Литмир - Электронная Библиотека
Содержание  
A
A

— Тебе против солнца не видно, Кондратий, — забеспокоился Чернов.

— В самом деле, господа, бросим жребий, кому здесь стоять, — великодушно предложил соперник.

— Не беспокойтесь, мне совсем удобно, — по праву хозяина отказался Рылеев. Все замолчали.

— Что ж, начинать? — мрачно спросил Чернов.

— Начнем, пожалуй, — согласился соперник. Они решили стреляться по–английски, не сходясь. Первый выстрел принадлежал оскорбленной стороне. Кондратий Федорович стоял вполоборота, держа, как и полагается, тяжелый пистолет против сердца. Солнце слепило ему глаза. Ну когда же?
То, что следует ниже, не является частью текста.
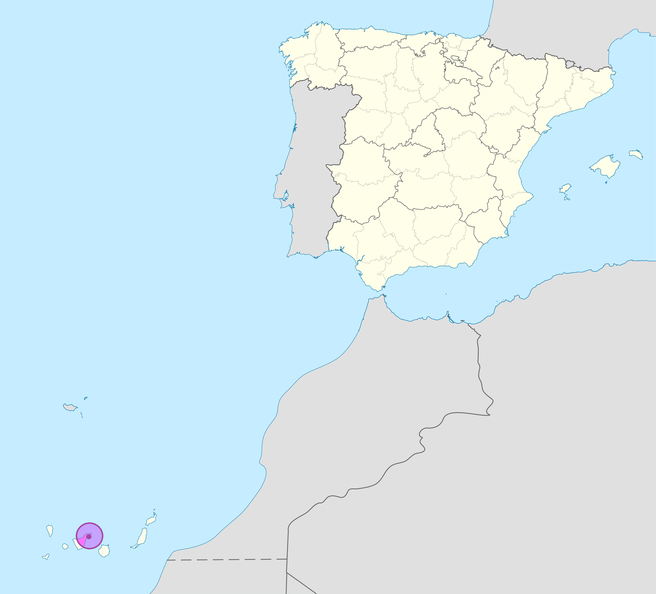 Santa Cruz de Tenerife se encuentra à 210 kilomètres au large de la côte nord-ouest de l’Afrique, dans l’océan Atlantique. Le point le plus proche de l’Espagne continentale est à 1 300 kilomètres.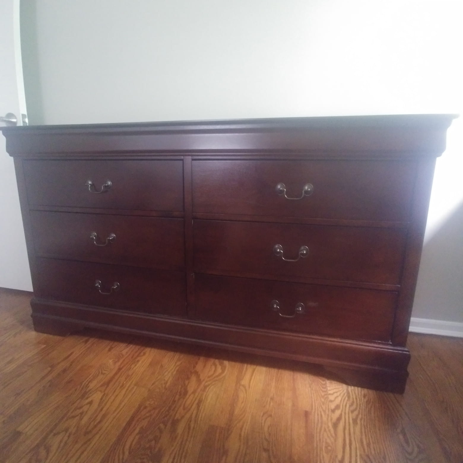 Horizontal dresser with 6 drawers and a mirror that can be mounted on top. Mirror has never been used, is still in original packaging.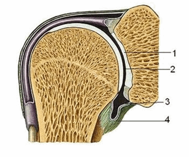 1. Sụn khớp 2. Ổ khớp 3. Bao hoạt dịch 4. Bao khớp
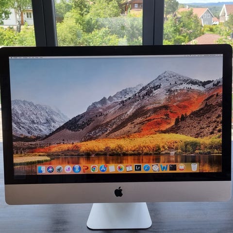 Utstyrt med en 3,4Ghz i5, 8GB 2400MHz DDR4 Ram, 1 TB SSD/HDD Fusion Drive og en Radeon Pro560 med 4GB VRAM. Den er slettet og Ventura er installert (men jeg tror det går an å installere OS14 Sonora på den).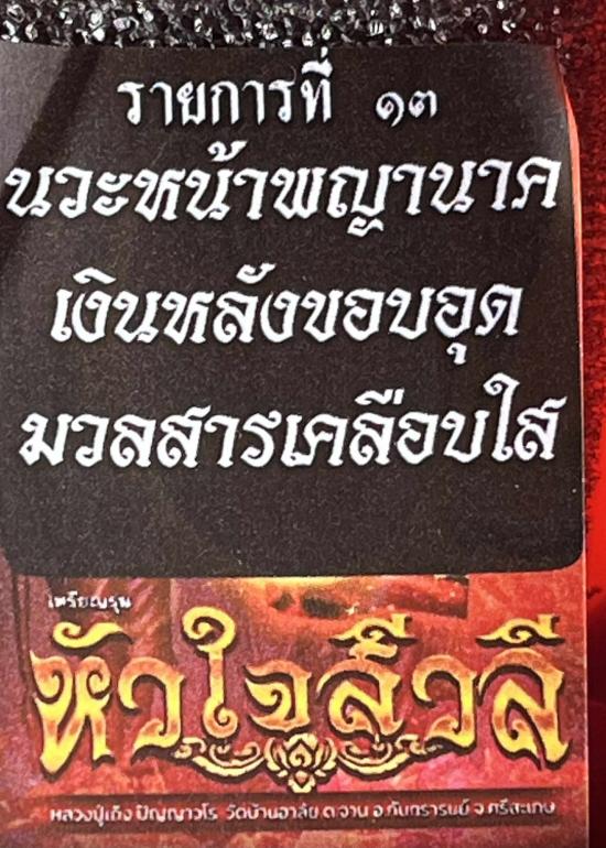 ชื่อพระเครื่อง หลวงปู่เถิง วัดบ้านอาลัย อำเภอกันทรลักษ์ จังหวัดศรีสะเกษ รุ่น หัวใจสิวลี เนื้อนวะโลหะ หน้ากากเงิน หลังอุดมวลสาร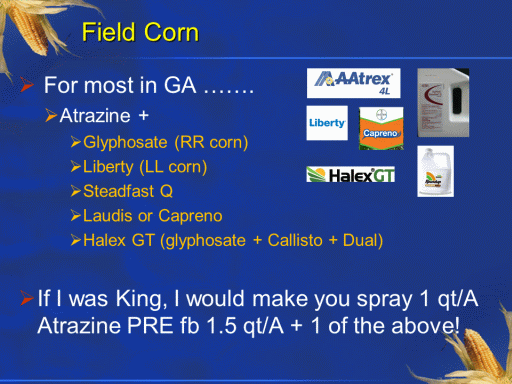 Field Corn<BR> For most in GA ……. <BR>Atrazine + <BR>Glyphosate (RR corn)	 <BR>Liberty (LL corn) <BR>Steadfast Q  <BR>Laudis or Capreno <BR>Halex GT (glyphosate + Callisto + Dual) <BR> <BR>If I was King, I would make you spray 1 qt/A Atrazine PRE fb 1.5 qt/A + 1 of the above! <BR>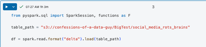 Next, we need to convert these Parquet files into a Delta Lake table. Easy enough on Databricks.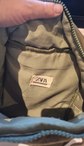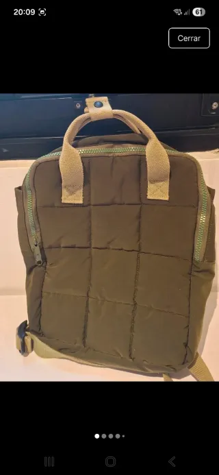 Bolso tipo mochila de Zara, con un diseño acolchado y moderno. - Color verde oliva. - Cierre de cremallera. - Asas superiores y tiras ajustables.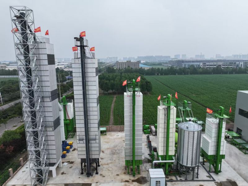 糧食烘干塔的工作原理可以詳細拆解為以下幾個關鍵步驟:進料階段:高濕度糧食(通常含水量22%-30%)通過自動化進料系統進入烘干塔進料系統通常由斗式提升機、皮帶輸送機和均布器組成提升機將糧食從地面輸送至塔頂(高度通常15-25米)均布器確保糧食均勻分布在烘干塔橫截面上熱風生成系統:核心設備包括燃燒機(燃油/燃氣/生物質)和熱風爐燃燒機將燃料化學能轉化為熱能(溫度可達300-600℃)熱風爐通過換熱器將高溫煙氣轉化為潔凈熱風(80-150℃)離心風機(功率通常15-75kW)將熱風以8-12m/s風速送入烘干塔熱風循環與分布:熱風通過特殊設計的導流板和多孔風道系統采用"順流-逆流"組合式氣流設計:? 上層高溫區(100-120℃)順流烘干? 中層中溫區(80-100℃)橫流烘干? 下層低溫區(60-80℃)逆流烘干風速控制系統確保每立方米糧食獲得均勻的風量(通常300-500m3/h·t)熱交換過程:熱風通過三種方式傳遞熱量:a) 傳導:糧食顆粒與熱風直接接觸傳熱b) 對流:熱風穿透糧層帶走水分c) 輻射:高溫壁面輻射傳熱典型熱交換效率可達65-85%水分蒸發速率:每小時降低1.5-3%含水量濕度控制系統:排濕風機(風量2000-10000m3/h)持續排出濕空氣自動調節閥根據濕度傳感器(精度±2%RH)控制排濕量廢氣溫度通常45-55℃,相對濕度80-95%部分系統配備熱回收裝置,可回收20-30%余熱分段烘干工藝:預熱段(60-80℃):糧食溫度均勻上升快速干燥段(100-120℃):大量水分蒸發緩速干燥段(80-90℃):內部水分向外遷移冷卻段(環境溫度+10℃):避免熱糧結露每段停留時間根據糧食品種調整(小麥30-50分鐘,水稻40-60分鐘)出料系統:旋轉卸料閥(轉速2-8rpm)控制出料速度在線水分檢測儀(精度±0.5%)實時監控含水量典型處理能力:連續式烘干塔每小時10-100噸能耗指標:烘干1噸糧食消耗25-45kg標煤當量整個系統由PLC自動控制,可精確調節溫度(±2℃)、風速(±0.5m/s)和停留時間(±1分鐘),確保糧食烘干均勻性(水分偏差≤0.8%),同時保持糧食品質(爆腰率≤3%,發芽率≥95%)。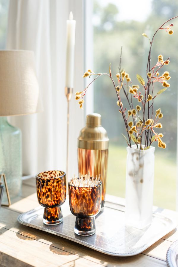This home features beautiful vintage tile, vaulted wood ceilings, and styled warmth throughout to create the perfect space for gatherings. The kitchen design includes olive green painted cabinets, beveled marble tile walls, honed marble countertops, a custom stone hood over the chef's cooking area, and a special breakfast nook featuring Serena & Lily wallpaper + Schumacher fabric.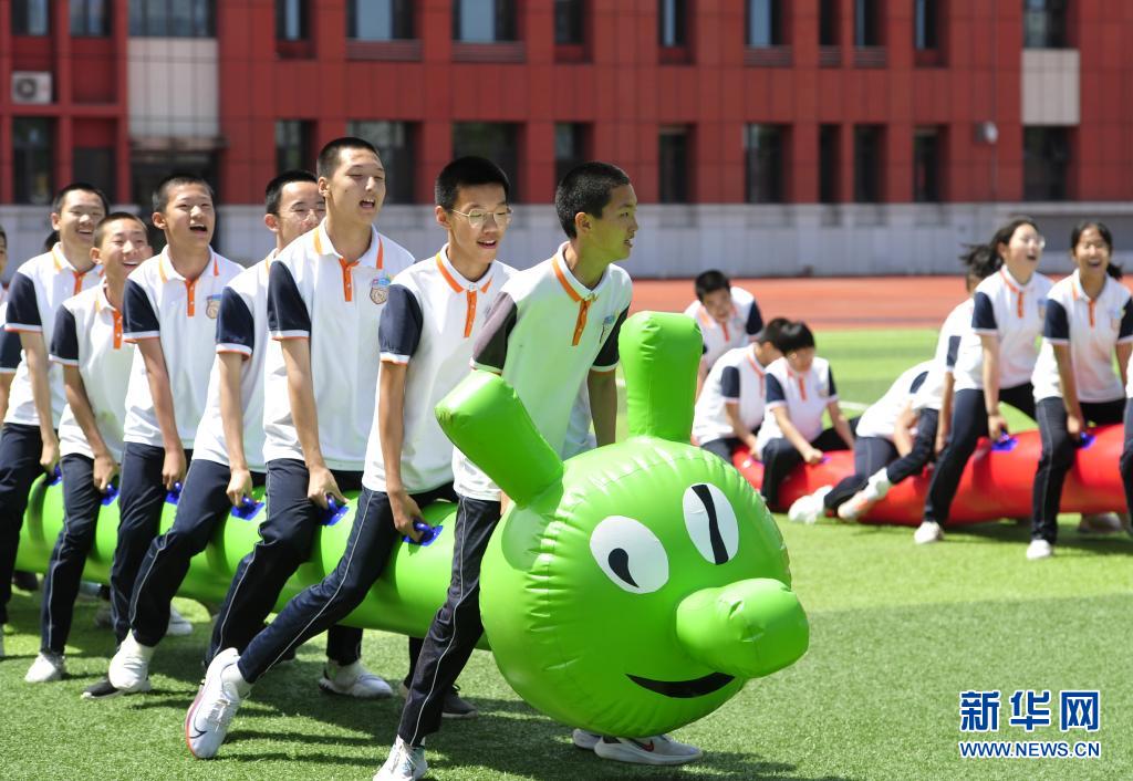 6月3日,沧州市第十七中学的学生在体育课上进行“奋勇前进”运动项目比赛。

Его беспокоили странные мысли. Правильно ли он стоит? Не бледен ли он? Скорее же стреляй, скорее! Кто–то громко считал по–французски от десяти назад. Маменька! Наташа! Простите меня! Как же долго они считают! Только бы не закрыть глаз! И он смотрел, до боли смотрел на темный силуэт в солнечных лучах напротив, на светящийся нимб рыжеватых кудрей, на тонкие березовые ветви, переплетенные в слепящей вышине. И только какая–то птица там, в этом сплетении, все выводила свое надоедливое: пити–пить! Пити–пить!

Грохнуло, как показалось ему, у самого уха, и тут же радостно всколыхнулось: «Ежели я это слышу, стало быть, жив». Пахло пороховым дымом, слезы, накопившиеся в глазах от весеннего света, текли по его щекам. Он почти забыл, что ему тоже надобно стрелять, потом очнулся, негнущимися пальцами взвел курок и, высоко подняв свой пистолет, выстрелил на воздух.

Птицы, испуганные выстрелами, с жалобными криками плавали в небе над березами.

— Удовлетворены ли вы, милостивый государь? — спросил он сиплым чужим голосом

— Вполне, благодарю вас!

Соперник отдал пистолет Дельвигу и преспокойно снял свой испачканный белым сюртук с березы. Все было кончено. Они шли обратно к дому, ненатурально громко беседуя, у Рылеева легко, как у паяца, мотались руки при ходьбе. Гости снова отказались от чая, церемонно попрощались, начали усаживаться в карету. Вся дуэль не отняла у них и двадцати минут.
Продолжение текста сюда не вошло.